BACKGROUND: The NovoTTF-100A is a first-of-a-kind anticancer device, approved by the Food and Drug Administration in 2011, for the treatment of recurrent glioblastomas. It emits alternating electric fields, at an intensity of 1 V/cm and a frequency of 200 kHz, that mimic the cytotoxic effect of chemotherapy by disrupting charged cytoplasmic proteins involved in the tightly orchestrated process of mitosis. Past phase III trial demonstrated equivalent efficacy when the device was compared to conventional cytotoxic chemotherapies and bevacizumab, but without their systemic side effects.

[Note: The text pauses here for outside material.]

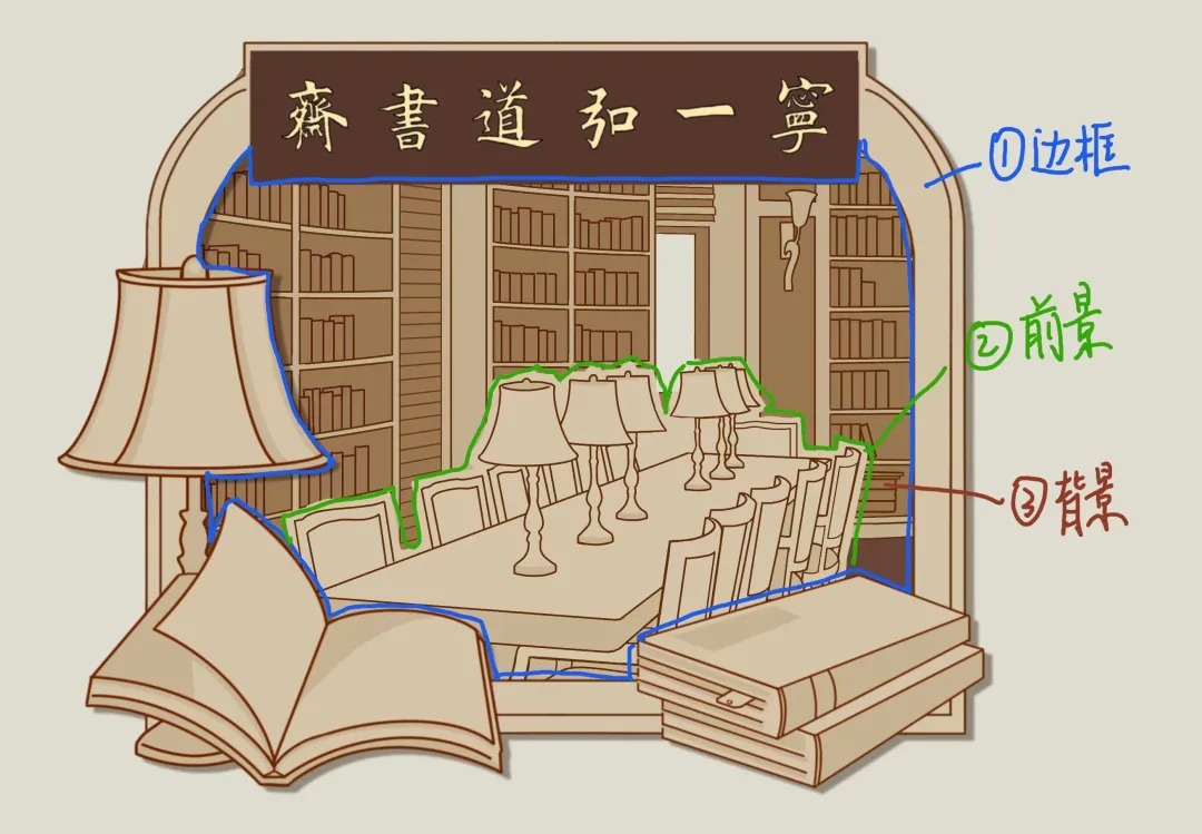 除此之外,书斋的磁性贴也是有分层设计的哟~边框、前景、背景三个分层,富有有层次感和空间感,好像开了一扇小窗悄悄地欣赏书斋~

METHODS: The NovoTTF-100A device has been available by prescription at 91 oncology centers in the United States since November 2011. We retrospectively analyzed the outcome and toxicity data from patients who were prescribed the device from October 2011 to November 2013 as treatment for their recurrent glioblastomas. RESULTS: There were 147 female and 310 male patients (n = 457) who were treated with this device. The median age was 55 (range 18 to 86) years. The Kaplan-Meier median OS was 9.6 (95% confidence interval [CI] 8.0 to 13.7) months and the median treatment duration was 4.1 (95% CI 3.5 to 4.8) months. The most common device-related adverse events include skin reaction (24.3%), neurological disorders(10.4%), heat sensation (8.9%), electric sensation (7.7%) and headache (5.7%). CONCLUSIONS:Treatment with NovoTTF-100A, as prescribed in the general clinical setting to patients with recurrent glioblastomas, offers favorable outcomes compared to historical patient data. The adverse event profile of the device remains benign with no new unexpected toxicities.